• Swift 5 Exclusivity Enforcement
  • Swift.org
  • The Nuggets translation Project
  • Permanent link to this article: github.com/xitu/gold-m…
  • Translator: LoneyIsError
  • Proofread by: Bruce-Pac, Danny1451

In understanding the concept, I refer to the Ownership Manifesto of cat god – annotated version of translated version of Swift’s official article Ownership Manifesto

Swift 5 further enhances Swift as a secure language by allowing runtime checks on “exclusive access to memory” to be enabled by default during the Release build. In Swift 4, this runtime checking is only allowed to be enabled during a Debug build. In this article, I’ll first explain what this change means for Swift developers, then delve into why it’s critical to Swift’s security and performance strategy.

background

To achieve memory security, Swift requires exclusive access to a variable before it can be modified. Essentially, when a variable is modified as an inout parameter or self in a mutating method, it cannot be accessed by a different name.

In the following example, the modifyTwice function modifies it by passing count as the inout argument. An exclusive violation occurs because the modifier closure for count is called at the same time that the variable is read in the scope in which the count variable is modified. In modifyTwice, the count variable can only be securely accessed with the value parameter modified by inout, and in the Modifier closure, it can only be securely accessed with $0.

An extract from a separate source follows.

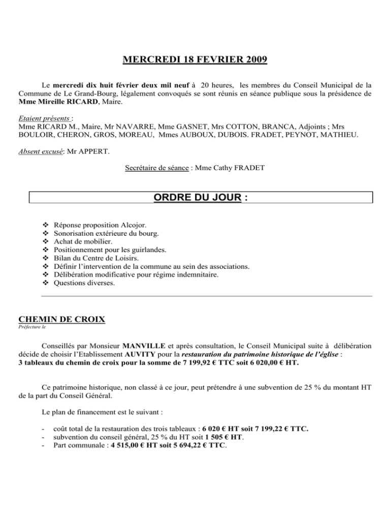 MERCREDI 18 FEVRIER 2009 Le mercredi dix huit février deux mil neuf à 20 heures, les membres du Conseil Municipal de la Commune de Le Grand-Bourg, légalement convoqués se sont réunis en séance publique sous la présidence de Mme Mireille RICARD, Maire. Etaient présents : Mme RICARD M., Maire, Mr NAVARRE, Mme GASNET, Mrs COTTON, BRANCA, Adjoints ; Mrs BOULOIR, CHERON, GROS, MOREAU, Mmes AUBOUX, DUBOIS. FRADET, PEYNOT, MATHIEU. Absent excusé: Mr APPERT. Secrétaire de séance : Mme Cathy FRADET ORDRE DU JOUR : Réponse proposition Alcojor. Sonorisation extérieure du bourg. Achat de mobilier. Positionnement pour les guirlandes. Bilan du Centre de Loisirs. Définir l’intervention de la commune au sein des associations. Délibération modificative pour régime indemnitaire. Questions diverses. CHEMIN DE CROIX Préfecture le Conseillés par Monsieur MANVILLE et après consultation, le Conseil Municipal suite à délibération décide de choisir l’Etablissement AUVITY pour la restauration du patrimoine historique de l’église : 3 tableaux du chemin de croix pour la somme de 7 199,92 € TTC soit 6 020,00 € HT. Ce patrimoine historique, non classé à ce jour, peut prétendre à une subvention de 25 % du montant HT de la part du Conseil Général. Le plan de financement est le suivant : - coût total de la restauration des trois tableaux : 6 020 € HT soit 7 199,22 € TTC. subvention du conseil général, 25 % du HT soit 1 505 € HT. Part communale : 4 515,00 € HT soit 5 694,22 € TTC. COMPLEMENT REGIME INDEMNITAIRE DES EMPLOYES COMMUNAUX Préfecture le Madame le Maire rappelle la délibération du Conseil Municipal du 24 avril 2008 concernant le régime indemnitaire des employés communaux, et demande que les critères de fondement soient complétés. Après délibération, le Conseil Municipal décide d’ajouter les critères suivants pour l’attribution de l’indemnité d’administration et de technicité (IAT), l’indemnité de missions des préfectures (IEMP), l’indemnité forfaitaire pour travaux supplémentaires (IFTS), l’indemnité spécifique de service (ISS), la prime de service et de rendement (PSR) et la prime technique de l’entretien des travaux et de l’exploitation (PTETE) : . absentéisme : les indemnités seront suspendues en cas d’absences pour tous motifs exceptés les congés annuels. . manière de servir : lorsque celle-ci est considérée insatisfaisante, les indemnités pourront être réduites de 50 %. Au préalable, l’agent sera informé de cette réduction. RECONSTRUCTION DES VESTIAIRES DU STADE Gabriel Adenis de Grand-Bourg2ème tranche DEMANDE de DOTATION GLOBALE d’EQUIPEMENT (DGE) Préfecture le Madame le Maire fait part au Conseil Municipal de Grand-Bourg que, suite à la consultation des entreprises, la nouvelle estimation de l’opération est de 220 113,00 € HT soit 263 255,15 € TTC. Donc celle-ci est en diminution par rapport à l’estimation initiale de 231 050 € HT soit 276336 € TTC. D’autre part, a fin d’optimiser les possibilités de financement, il est possible de scinder le projet en 2 tranches équivalentes, soit 110 056,50 € HT. 1ère tranche : Coût HT : 110 056,50 € TTC : 131 627,57 € - Conseil Général - FAI de la fédération française de football - Subvention DGE sollicitée 40 % - Emprunt - Part communale qui sont financés par : 8 100 € 20 000 € 44 022,60 € 30 000,00 € 29 504,97 € 2ème tranche : Coût HT : 110 056,50 € TTC : 131 627,57 € - Subvention DGE sollicitée 40 % - Emprunt - Part communale qui sont financés par : 44 022,60 € 70 000,00 € 17 604,97 € Après avoir entendu ces explications et en avoir délibéré, le Conseil Municipal : - approuve la nouvelle estimation - approuve le phasage en deux tranches - sollicité l’octroi d’une subvention au titre de la Dotation Globale d’Equipement pour la 2ème tranche - approuve le plan de financement suivant pour la deuxième tranche. - Subvention DGE à 40 % Emprunt Quote- part communale prévoit l’inscription du BP 2009-02-18 44 022,60 € 70 000,00 € 17 604,97 € Les dépenses correspondantes devraient s’effectuer au cours de 2ème semestre 2009. ADHESION COMMUNE FELLETIN au SDIC 23 Préfecture le Le Maire fait part au Conseil Municipal de la délibération n°2009-01/04 adoptée lors de la réunion du Comité Syndical du SDIC 23 en date du 14 janvier 2009 acceptant l’adhésion de la commune suivante : FELLETIN Le Conseil Municipal, après en avoir délibéré, accepte l’adhésion au SDIC 23 de la commune précitée. ACHAT DE MOBILIER POUR L’ECOLE Préfecture le Madame le Maire présente au conseil municipal les différents besoins en mobilier pour l’école : Meuble informatique, chevalet maternelle, meuble album pour un montant de 877,86 € TTC Draps et bavoirs pour un montant de 249,97 € TTC Total de la commande auprès de la CAMIF : 1127,83 € TTC. Mobilier d’éveil pour la salle de motricité pour un montant de 413,90 € TTC auprès des Ets NATHAN. Le Conseil donne son accord pour ces acquisitions, charge le Maire de passer les commandes et décide d’inscrire la dépense de 877,86 € TTC de la Camif et de 413,90 € TTC des Ets Nathan, en section d’investissement de BP 2009 sur le programme 073 « acquisitions diverses ». ACHAT DE MOBILIER POUR L’ESPACE SPORTS ET LOISIRS, CONSERVATOIRE MUSIQUE ET SALLE MULTI SERVICES Préfecture le Mme le Maire présente les besoins en matériel supplémentaire pour équiper l’Espace Sports et Loisirs en fonction de la demande des utilisateurs. Afin de continuer l’équipement mobilier avec les mêmes modèles, les Ets Souvignet ayant fourni le matériel existant ont présenté les devis suivants : - 9 tables pour un montant de 40 chaises pour un montant de Chariot pour ranger les chaises pour un montant de Diables pour un montant de Soit une dépense de 1 205,57 € 1 193,61 € 251,18 € 231,67 €. 2 882,03 € TTC. Pour compléter l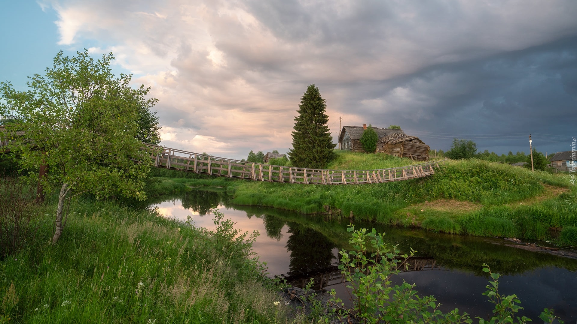 Edytor tapety: Wiszący drewniany most nad rzeką

func modifyTwice(_ value: inout Int, by modifier: (inout Int) -> ()) {
  modifier(&value)
  modifier(&value)
}

func testCount(a) {
  var count = 1
  modifyTwice(&count) {$0+ =count }
  print(count)}Copy the code

As is often the case with exclusivity violations, the programmer’s intentions are a little vague. Do they want count to print “3” or “4”? Either way, the compiler cannot guarantee the outcome. Worse, compiler optimizations can produce subtle unpredictable behavior when such errors occur. To prevent violations of exclusivity and to allow the introduction of language features that rely on security guarantees, forced exclusivity was originally introduced in Swift 4.0: SE-0176: enforces exclusive access to memory.

Compile-time (static) detection can catch many common exclusive violations, but runtime (dynamic) detection is also needed to catch violations involving escaped closures, properties of class types, static properties, and global variables. Swift 4.0 provides mandatory detection at both compile time and run time, but mandatory detection at run time is only enabled during Debug builds.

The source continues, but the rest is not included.